» What needs to be done
Reproduce the data below word for word, setting aside any picture it holds.

» Available data
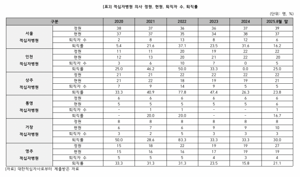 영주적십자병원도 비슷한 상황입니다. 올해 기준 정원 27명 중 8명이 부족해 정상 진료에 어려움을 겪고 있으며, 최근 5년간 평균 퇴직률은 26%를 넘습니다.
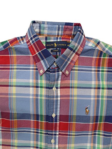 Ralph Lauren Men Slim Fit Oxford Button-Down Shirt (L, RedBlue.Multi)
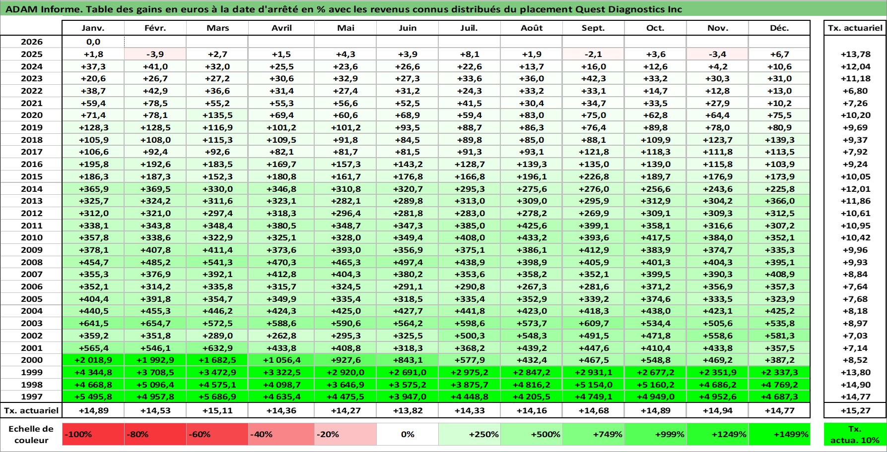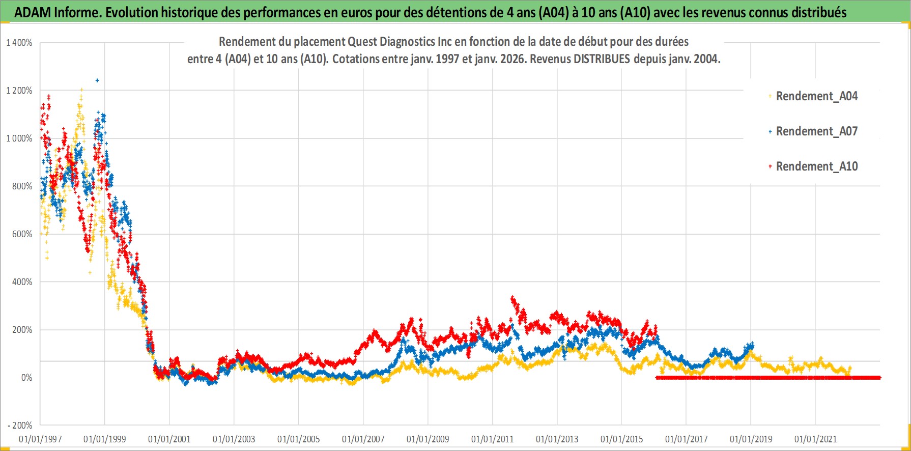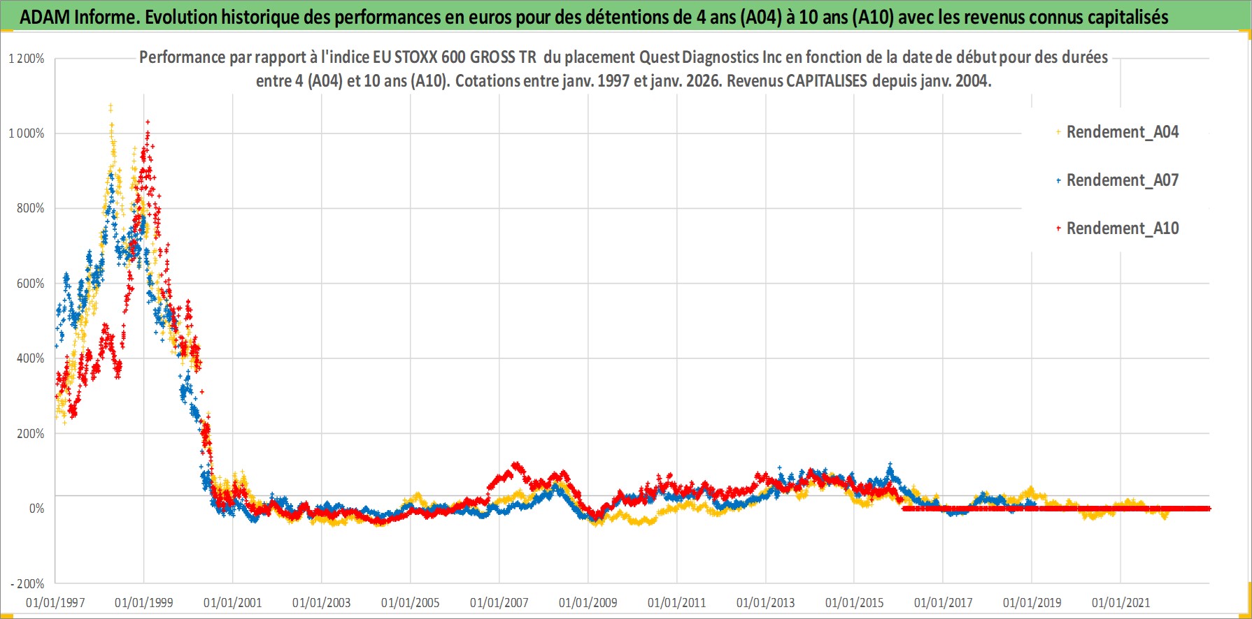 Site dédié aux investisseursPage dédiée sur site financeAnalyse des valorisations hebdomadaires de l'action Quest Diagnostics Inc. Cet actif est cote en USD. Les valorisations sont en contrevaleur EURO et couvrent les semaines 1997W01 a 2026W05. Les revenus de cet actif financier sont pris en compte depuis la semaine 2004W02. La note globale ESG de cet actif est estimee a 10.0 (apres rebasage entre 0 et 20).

» Response
 영주적십자병원도 비슷한 상황입니다. 올해 기준 정원 27명 중 8명이 부족해 정상 진료에 어려움을 겪고 있으며, 최근 5년간 평균 퇴직률은 26%를 넘습니다.
 Ralph Lauren Men Slim Fit Oxford Button-Down Shirt (L, RedBlue.Multi)
 Site dédié aux investisseursPage dédiée sur site financeAnalyse des valorisations hebdomadaires de l'action Quest Diagnostics Inc. Cet actif est cote en USD. Les valorisations sont en contrevaleur EURO et couvrent les semaines 1997W01 a 2026W05. Les revenus de cet actif financier sont pris en compte depuis la semaine 2004W02. La note globale ESG de cet actif est estimee a 10.0 (apres rebasage entre 0 et 20).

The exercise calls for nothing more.